Enable reporting driver xstats and inference end-to-end
latency and throughput in mldev inference tests. Reporting
of stats can be enabled using "--stats" option.

Signed-off-by: Srikanth Yalavarthi <syalavarthi@marvell.com>
---
 app/test-mldev/ml_options.c                |  22 ++--
 app/test-mldev/ml_options.h                |   2 +
 app/test-mldev/test_inference_common.c     | 139 +++++++++++++++++++++
 app/test-mldev/test_inference_common.h     |   8 ++
 app/test-mldev/test_inference_interleave.c |   4 +
 app/test-mldev/test_inference_ordered.c    |   1 +
 6 files changed, 168 insertions(+), 8 deletions(-)

diff --git a/app/test-mldev/ml_options.c b/app/test-mldev/ml_options.c
index 092303903f..0e7877eed3 100644
--- a/app/test-mldev/ml_options.c
+++ b/app/test-mldev/ml_options.c
@@ -36,6 +36,7 @@ ml_options_default(struct ml_options *opt)
 	opt->queue_size = 1;
 	opt->batches = 0;
 	opt->tolerance = 0.0;
+	opt->stats = false;
 	opt->debug = false;
 }
 
@@ -222,7 +223,8 @@ ml_dump_test_options(const char *testname)
 		       "\t\t--queue_pairs      : number of queue pairs to create\n"
 		       "\t\t--queue_size       : size fo queue-pair\n"
 		       "\t\t--batches          : number of batches of input\n"
-		       "\t\t--tolerance        : maximum tolerance (%%) for output validation\n");
+		       "\t\t--tolerance        : maximum tolerance (%%) for output validation\n"
+		       "\t\t--stats            : enable reporting performance statistics\n");
 		printf("\n");
 	}
 }
@@ -242,13 +244,12 @@ print_usage(char *program)

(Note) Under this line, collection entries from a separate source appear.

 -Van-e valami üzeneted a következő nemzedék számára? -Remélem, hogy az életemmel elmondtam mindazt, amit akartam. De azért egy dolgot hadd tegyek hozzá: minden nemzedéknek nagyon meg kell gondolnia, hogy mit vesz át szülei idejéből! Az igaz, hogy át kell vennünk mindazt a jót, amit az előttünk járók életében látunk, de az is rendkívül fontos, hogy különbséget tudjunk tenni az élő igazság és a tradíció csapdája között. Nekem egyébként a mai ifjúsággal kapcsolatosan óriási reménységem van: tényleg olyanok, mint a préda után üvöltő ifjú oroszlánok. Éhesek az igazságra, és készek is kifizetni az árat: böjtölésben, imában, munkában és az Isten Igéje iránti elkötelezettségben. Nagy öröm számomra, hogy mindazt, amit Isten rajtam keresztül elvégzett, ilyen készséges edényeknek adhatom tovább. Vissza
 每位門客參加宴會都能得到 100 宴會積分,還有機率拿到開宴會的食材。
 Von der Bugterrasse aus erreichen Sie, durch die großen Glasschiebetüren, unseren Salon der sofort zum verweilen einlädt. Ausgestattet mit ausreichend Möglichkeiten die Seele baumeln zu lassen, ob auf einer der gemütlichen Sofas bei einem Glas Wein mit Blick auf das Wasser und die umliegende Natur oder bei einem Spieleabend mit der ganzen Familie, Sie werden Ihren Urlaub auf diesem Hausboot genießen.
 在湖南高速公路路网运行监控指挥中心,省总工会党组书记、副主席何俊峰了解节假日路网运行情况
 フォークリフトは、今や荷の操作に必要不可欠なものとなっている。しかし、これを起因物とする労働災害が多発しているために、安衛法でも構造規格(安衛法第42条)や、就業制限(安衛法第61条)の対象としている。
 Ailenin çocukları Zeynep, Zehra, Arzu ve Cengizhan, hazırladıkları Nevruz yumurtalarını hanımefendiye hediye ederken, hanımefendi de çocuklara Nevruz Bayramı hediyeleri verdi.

 	ml_test_dump_names(ml_dump_test_options);
 }
 
-static struct option lgopts[] = {{ML_TEST, 1, 0, 0},	   {ML_DEVICE_ID, 1, 0, 0},
-				 {ML_SOCKET_ID, 1, 0, 0},  {ML_MODELS, 1, 0, 0},
-				 {ML_FILELIST, 1, 0, 0},   {ML_REPETITIONS, 1, 0, 0},
-				 {ML_BURST_SIZE, 1, 0, 0}, {ML_QUEUE_PAIRS, 1, 0, 0},
-				 {ML_QUEUE_SIZE, 1, 0, 0}, {ML_BATCHES, 1, 0, 0},
-				 {ML_TOLERANCE, 1, 0, 0},  {ML_DEBUG, 0, 0, 0},
-				 {ML_HELP, 0, 0, 0},	   {NULL, 0, 0, 0}};
+static struct option lgopts[] = {
+	{ML_TEST, 1, 0, 0},	  {ML_DEVICE_ID, 1, 0, 0},   {ML_SOCKET_ID, 1, 0, 0},
+	{ML_MODELS, 1, 0, 0},	  {ML_FILELIST, 1, 0, 0},    {ML_REPETITIONS, 1, 0, 0},
+	{ML_BURST_SIZE, 1, 0, 0}, {ML_QUEUE_PAIRS, 1, 0, 0}, {ML_QUEUE_SIZE, 1, 0, 0},
+	{ML_BATCHES, 1, 0, 0},	  {ML_TOLERANCE, 1, 0, 0},   {ML_STATS, 0, 0, 0},
+	{ML_DEBUG, 0, 0, 0},	  {ML_HELP, 0, 0, 0},	     {NULL, 0, 0, 0}};
 
 static int
 ml_opts_parse_long(int opt_idx, struct ml_options *opt)
@@ -283,6 +284,11 @@ ml_options_parse(struct ml_options *opt, int argc, char **argv)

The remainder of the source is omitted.